#### Prompt:
Please give back, word for word, only the lines starting at the one containing "Stefano Petti of" and ending at the one containing "However, if Bitcoin" within the material below.

#### Extracted records:
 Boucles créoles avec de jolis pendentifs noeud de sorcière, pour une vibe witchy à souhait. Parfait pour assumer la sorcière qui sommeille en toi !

...

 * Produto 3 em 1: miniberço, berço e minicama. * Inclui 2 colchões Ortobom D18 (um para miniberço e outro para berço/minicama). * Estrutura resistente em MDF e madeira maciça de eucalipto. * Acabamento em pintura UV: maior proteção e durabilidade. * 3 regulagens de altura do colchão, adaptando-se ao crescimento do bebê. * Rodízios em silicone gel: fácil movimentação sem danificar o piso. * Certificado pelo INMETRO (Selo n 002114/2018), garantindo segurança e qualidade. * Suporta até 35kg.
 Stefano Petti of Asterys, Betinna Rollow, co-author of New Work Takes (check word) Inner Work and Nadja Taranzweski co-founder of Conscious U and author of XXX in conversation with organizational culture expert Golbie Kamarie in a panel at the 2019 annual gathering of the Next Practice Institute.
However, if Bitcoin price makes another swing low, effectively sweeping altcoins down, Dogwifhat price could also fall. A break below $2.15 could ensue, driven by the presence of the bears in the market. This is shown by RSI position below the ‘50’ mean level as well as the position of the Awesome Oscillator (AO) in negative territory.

#### Response for this exercise:
 Stefano Petti of Asterys, Betinna Rollow, co-author of New Work Takes (check word) Inner Work and Nadja Taranzweski co-founder of Conscious U and author of XXX in conversation with organizational culture expert Golbie Kamarie in a panel at the 2019 annual gathering of the Next Practice Institute.
However, if Bitcoin price makes another swing low, effectively sweeping altcoins down, Dogwifhat price could also fall. A break below $2.15 could ensue, driven by the presence of the bears in the market. This is shown by RSI position below the ‘50’ mean level as well as the position of the Awesome Oscillator (AO) in negative territory.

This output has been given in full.